== Segment start ==

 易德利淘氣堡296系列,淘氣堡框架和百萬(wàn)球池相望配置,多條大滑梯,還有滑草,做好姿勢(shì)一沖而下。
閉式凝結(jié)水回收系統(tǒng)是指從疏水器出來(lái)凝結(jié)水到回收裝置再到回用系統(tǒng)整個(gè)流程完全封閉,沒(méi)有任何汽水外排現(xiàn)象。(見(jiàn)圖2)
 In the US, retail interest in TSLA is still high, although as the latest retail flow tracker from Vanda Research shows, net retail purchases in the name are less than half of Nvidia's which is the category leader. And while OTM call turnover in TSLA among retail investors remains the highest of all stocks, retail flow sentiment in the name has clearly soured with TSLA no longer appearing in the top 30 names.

== Segment end ==
== Segment start ==

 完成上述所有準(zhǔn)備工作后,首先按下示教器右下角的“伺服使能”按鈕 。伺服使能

== Segment end ==
== Segment start ==

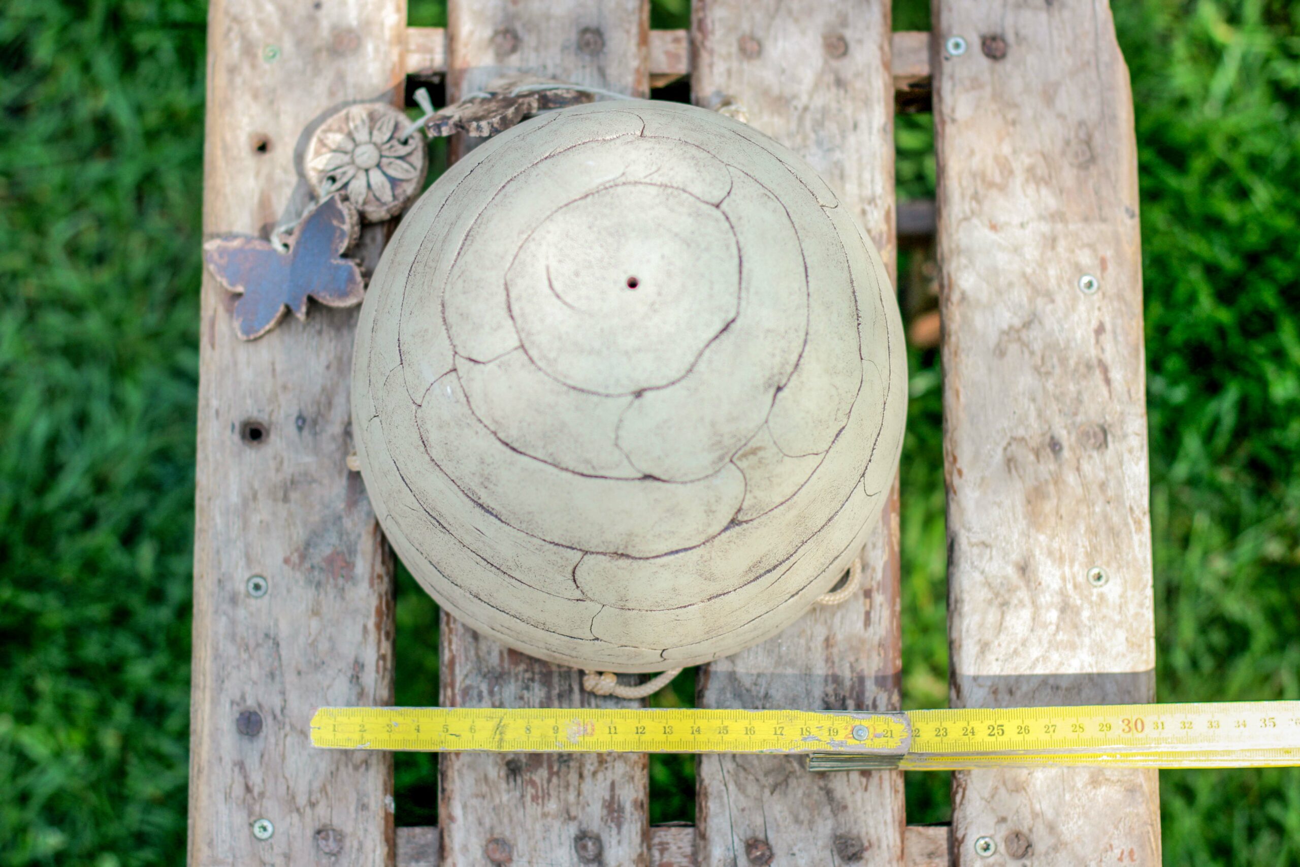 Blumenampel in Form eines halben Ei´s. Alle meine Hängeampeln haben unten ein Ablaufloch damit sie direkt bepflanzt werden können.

== Segment end ==

*EXERCISE PROMPT*: Among the entries above, the line containing "易德利淘氣堡296系列,淘氣", the line containing "In the US, retail", and all lines between them are to be restated word for word; nothing else belongs in the reply.

*ANSWER TO THE PROBLEM*:
 易德利淘氣堡296系列,淘氣堡框架和百萬(wàn)球池相望配置,多條大滑梯,還有滑草,做好姿勢(shì)一沖而下。
閉式凝結(jié)水回收系統(tǒng)是指從疏水器出來(lái)凝結(jié)水到回收裝置再到回用系統(tǒng)整個(gè)流程完全封閉,沒(méi)有任何汽水外排現(xiàn)象。(見(jiàn)圖2)
 In the US, retail interest in TSLA is still high, although as the latest retail flow tracker from Vanda Research shows, net retail purchases in the name are less than half of Nvidia's which is the category leader. And while OTM call turnover in TSLA among retail investors remains the highest of all stocks, retail flow sentiment in the name has clearly soured with TSLA no longer appearing in the top 30 names.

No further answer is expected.